==== INFORMATION GIVEN

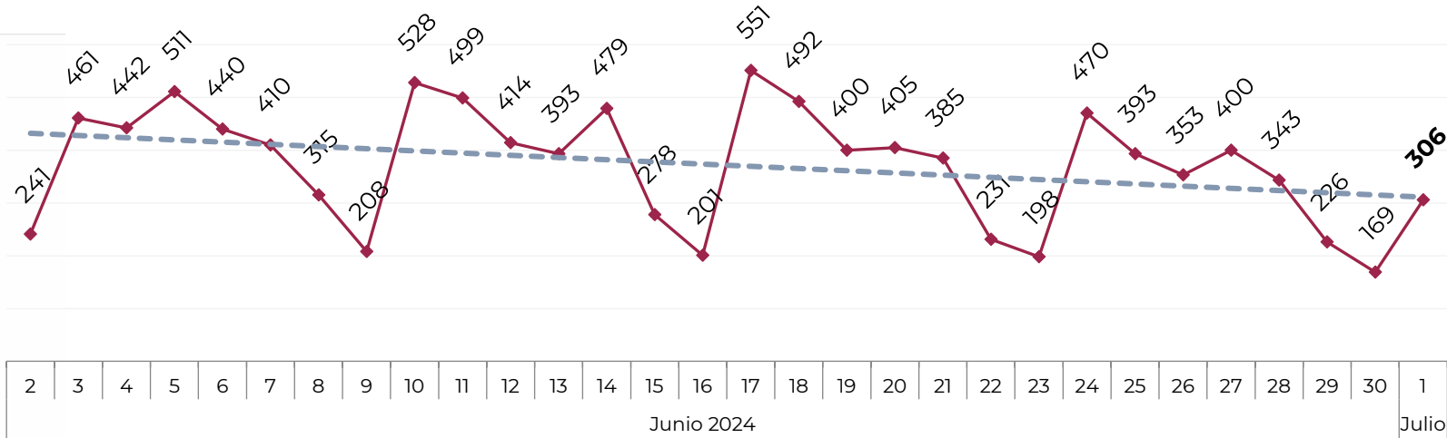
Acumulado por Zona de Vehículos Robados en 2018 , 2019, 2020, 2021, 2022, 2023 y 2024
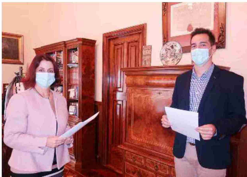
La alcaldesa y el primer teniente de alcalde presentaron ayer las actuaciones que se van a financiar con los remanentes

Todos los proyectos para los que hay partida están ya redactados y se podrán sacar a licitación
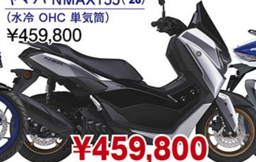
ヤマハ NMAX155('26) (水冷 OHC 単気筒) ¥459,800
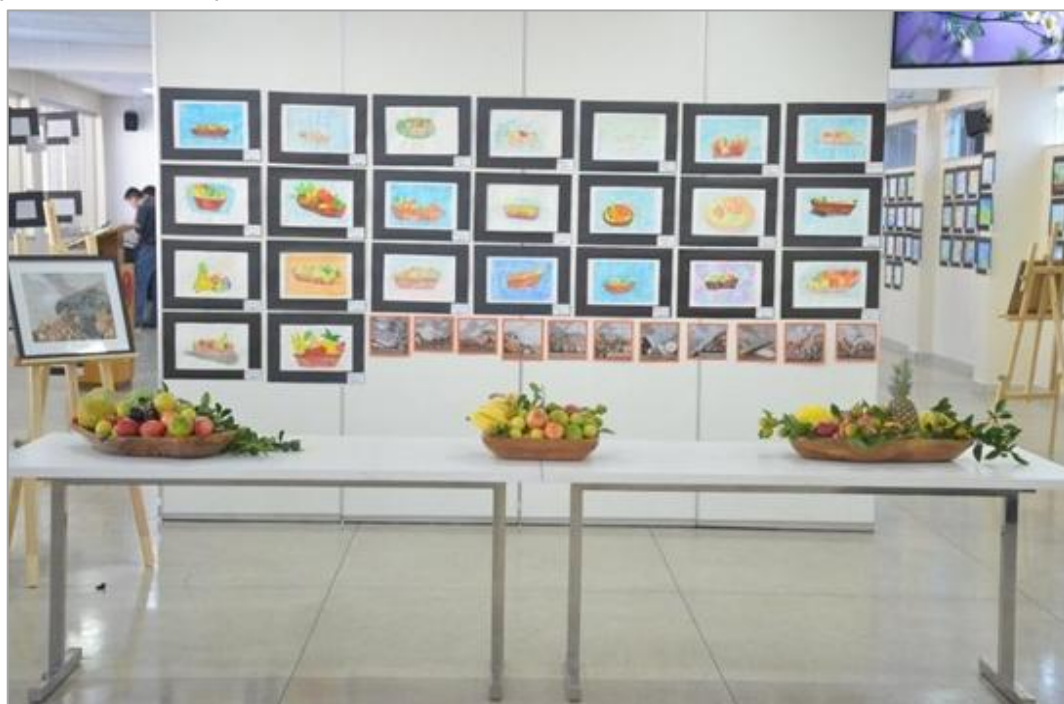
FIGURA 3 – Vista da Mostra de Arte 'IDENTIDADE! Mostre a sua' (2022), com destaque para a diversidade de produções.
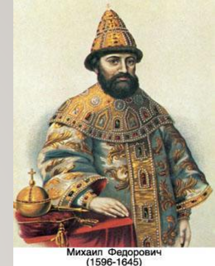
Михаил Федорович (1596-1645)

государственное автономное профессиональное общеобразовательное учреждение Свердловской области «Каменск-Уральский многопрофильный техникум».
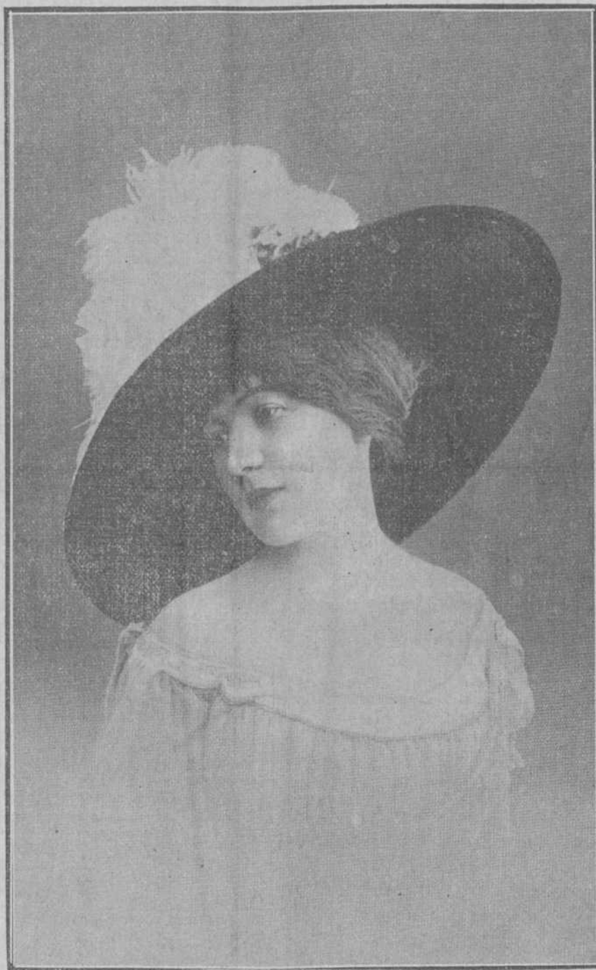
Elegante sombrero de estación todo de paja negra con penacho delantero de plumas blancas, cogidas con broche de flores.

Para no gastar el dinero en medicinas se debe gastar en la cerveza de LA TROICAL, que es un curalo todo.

========
==== INFORMATION GIVEN

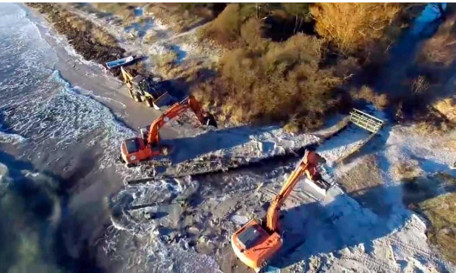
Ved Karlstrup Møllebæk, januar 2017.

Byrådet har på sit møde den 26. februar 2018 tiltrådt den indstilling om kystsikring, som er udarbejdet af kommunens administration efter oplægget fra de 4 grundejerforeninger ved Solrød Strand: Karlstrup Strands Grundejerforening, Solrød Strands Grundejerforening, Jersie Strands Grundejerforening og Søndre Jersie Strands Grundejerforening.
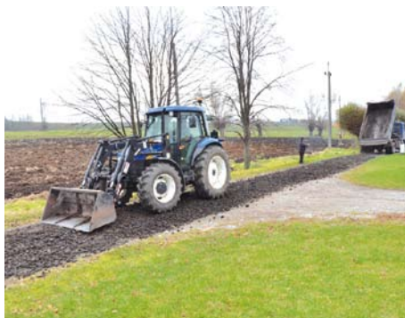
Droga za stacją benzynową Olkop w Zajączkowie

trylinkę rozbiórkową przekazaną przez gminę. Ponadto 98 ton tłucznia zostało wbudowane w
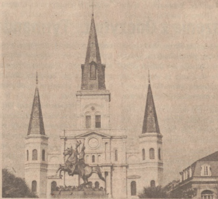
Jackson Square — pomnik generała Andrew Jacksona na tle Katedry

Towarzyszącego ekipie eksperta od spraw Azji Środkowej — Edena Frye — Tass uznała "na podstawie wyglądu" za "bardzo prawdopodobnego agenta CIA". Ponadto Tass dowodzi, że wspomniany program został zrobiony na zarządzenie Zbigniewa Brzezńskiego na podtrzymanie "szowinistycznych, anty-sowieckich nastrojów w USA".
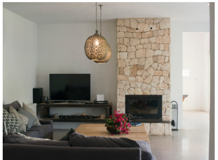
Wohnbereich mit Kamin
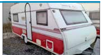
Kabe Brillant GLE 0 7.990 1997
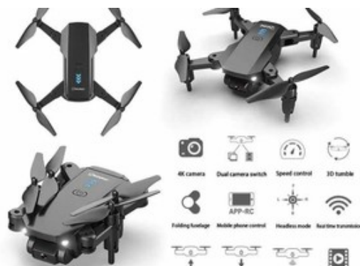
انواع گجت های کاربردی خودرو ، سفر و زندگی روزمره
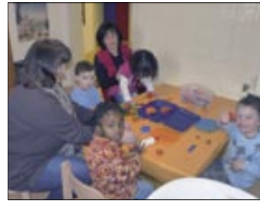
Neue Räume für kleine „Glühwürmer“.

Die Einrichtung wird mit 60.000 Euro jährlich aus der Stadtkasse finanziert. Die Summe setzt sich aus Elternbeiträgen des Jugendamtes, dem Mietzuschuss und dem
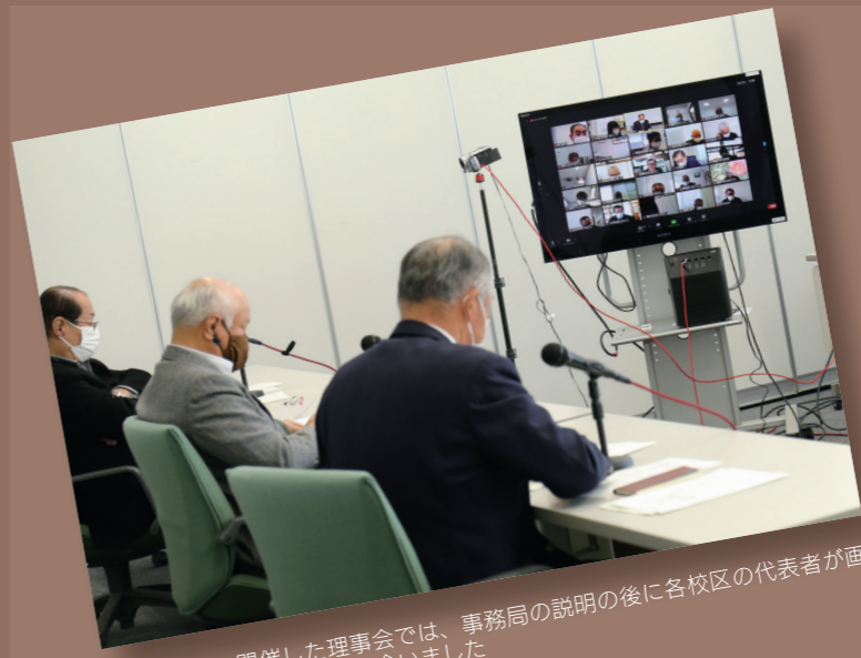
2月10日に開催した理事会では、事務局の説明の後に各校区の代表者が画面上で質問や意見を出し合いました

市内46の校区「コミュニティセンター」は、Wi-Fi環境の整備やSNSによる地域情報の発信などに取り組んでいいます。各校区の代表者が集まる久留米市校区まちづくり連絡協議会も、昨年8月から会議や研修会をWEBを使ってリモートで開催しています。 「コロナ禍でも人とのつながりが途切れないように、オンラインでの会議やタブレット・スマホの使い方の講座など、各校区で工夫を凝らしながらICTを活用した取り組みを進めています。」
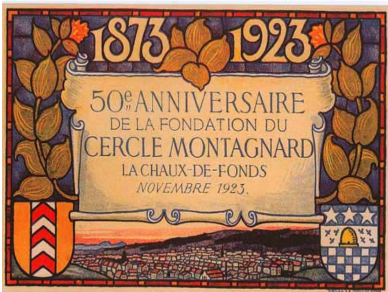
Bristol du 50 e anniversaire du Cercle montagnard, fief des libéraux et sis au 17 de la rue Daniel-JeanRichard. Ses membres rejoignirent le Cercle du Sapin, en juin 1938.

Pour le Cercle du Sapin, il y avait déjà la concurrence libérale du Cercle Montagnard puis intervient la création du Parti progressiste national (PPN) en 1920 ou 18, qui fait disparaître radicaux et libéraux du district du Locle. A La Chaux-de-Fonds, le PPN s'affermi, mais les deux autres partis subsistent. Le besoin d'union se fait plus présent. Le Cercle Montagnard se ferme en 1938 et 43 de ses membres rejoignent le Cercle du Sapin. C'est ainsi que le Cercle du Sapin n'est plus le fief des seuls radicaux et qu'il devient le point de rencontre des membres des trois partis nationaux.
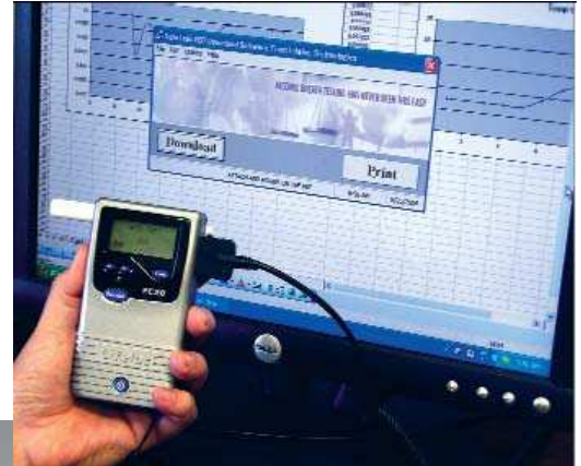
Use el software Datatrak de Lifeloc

========
==== INFORMATION GIVEN

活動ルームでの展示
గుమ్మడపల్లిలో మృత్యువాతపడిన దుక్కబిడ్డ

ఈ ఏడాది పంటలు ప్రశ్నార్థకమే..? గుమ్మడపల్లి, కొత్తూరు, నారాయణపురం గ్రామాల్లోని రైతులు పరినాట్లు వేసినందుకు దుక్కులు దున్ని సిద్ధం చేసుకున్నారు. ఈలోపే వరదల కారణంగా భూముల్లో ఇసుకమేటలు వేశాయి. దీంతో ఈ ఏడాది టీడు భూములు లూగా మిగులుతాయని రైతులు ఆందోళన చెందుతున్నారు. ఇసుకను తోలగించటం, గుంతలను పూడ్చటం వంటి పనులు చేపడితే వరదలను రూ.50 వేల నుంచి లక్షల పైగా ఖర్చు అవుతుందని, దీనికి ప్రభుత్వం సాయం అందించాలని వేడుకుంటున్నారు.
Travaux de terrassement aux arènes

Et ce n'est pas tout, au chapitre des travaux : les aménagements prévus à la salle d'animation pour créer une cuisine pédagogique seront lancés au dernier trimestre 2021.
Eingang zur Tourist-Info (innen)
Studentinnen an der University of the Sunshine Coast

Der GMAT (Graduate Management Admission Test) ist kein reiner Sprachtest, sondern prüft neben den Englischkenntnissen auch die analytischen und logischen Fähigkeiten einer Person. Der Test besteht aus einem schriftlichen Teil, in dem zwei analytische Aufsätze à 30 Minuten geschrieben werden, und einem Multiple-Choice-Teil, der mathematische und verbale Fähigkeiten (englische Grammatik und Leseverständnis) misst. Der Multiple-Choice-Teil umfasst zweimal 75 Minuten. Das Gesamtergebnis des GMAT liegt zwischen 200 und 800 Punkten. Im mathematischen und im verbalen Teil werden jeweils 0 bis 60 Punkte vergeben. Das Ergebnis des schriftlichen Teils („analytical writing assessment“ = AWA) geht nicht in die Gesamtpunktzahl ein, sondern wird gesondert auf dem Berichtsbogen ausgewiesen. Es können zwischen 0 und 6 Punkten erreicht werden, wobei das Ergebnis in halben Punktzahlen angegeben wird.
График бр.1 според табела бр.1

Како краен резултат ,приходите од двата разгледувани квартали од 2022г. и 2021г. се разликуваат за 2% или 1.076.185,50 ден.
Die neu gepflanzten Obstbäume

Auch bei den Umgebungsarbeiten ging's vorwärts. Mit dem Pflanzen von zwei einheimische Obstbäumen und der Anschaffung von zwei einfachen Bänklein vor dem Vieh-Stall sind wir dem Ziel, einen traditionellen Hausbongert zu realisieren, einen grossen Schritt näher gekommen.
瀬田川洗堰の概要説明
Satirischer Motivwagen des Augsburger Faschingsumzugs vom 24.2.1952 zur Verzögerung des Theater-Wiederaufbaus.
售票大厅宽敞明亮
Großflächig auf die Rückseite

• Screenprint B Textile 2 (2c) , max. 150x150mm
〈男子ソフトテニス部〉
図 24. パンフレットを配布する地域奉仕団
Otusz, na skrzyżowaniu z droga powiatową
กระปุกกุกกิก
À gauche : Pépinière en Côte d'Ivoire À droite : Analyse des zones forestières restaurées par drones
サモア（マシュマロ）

========

What is needed is an exact copy of only the lines above from the one with "Towarzyszącego ekipie eksperta" to the one with "Bristol du 50", both kept, with every picture left out.

Towarzyszącego ekipie eksperta od spraw Azji Środkowej — Edena Frye — Tass uznała "na podstawie wyglądu" za "bardzo prawdopodobnego agenta CIA". Ponadto Tass dowodzi, że wspomniany program został zrobiony na zarządzenie Zbigniewa Brzezńskiego na podtrzymanie "szowinistycznych, anty-sowieckich nastrojów w USA".
Wohnbereich mit Kamin
Kabe Brillant GLE 0 7.990 1997
انواع گجت های کاربردی خودرو ، سفر و زندگی روزمره
Neue Räume für kleine „Glühwürmer“.

Die Einrichtung wird mit 60.000 Euro jährlich aus der Stadtkasse finanziert. Die Summe setzt sich aus Elternbeiträgen des Jugendamtes, dem Mietzuschuss und dem
2月10日に開催した理事会では、事務局の説明の後に各校区の代表者が画面上で質問や意見を出し合いました

市内46の校区「コミュニティセンター」は、Wi-Fi環境の整備やSNSによる地域情報の発信などに取り組んでいいます。各校区の代表者が集まる久留米市校区まちづくり連絡協議会も、昨年8月から会議や研修会をWEBを使ってリモートで開催しています。 「コロナ禍でも人とのつながりが途切れないように、オンラインでの会議やタブレット・スマホの使い方の講座など、各校区で工夫を凝らしながらICTを活用した取り組みを進めています。」
Bristol du 50 e anniversaire du Cercle montagnard, fief des libéraux et sis au 17 de la rue Daniel-JeanRichard. Ses membres rejoignirent le Cercle du Sapin, en juin 1938.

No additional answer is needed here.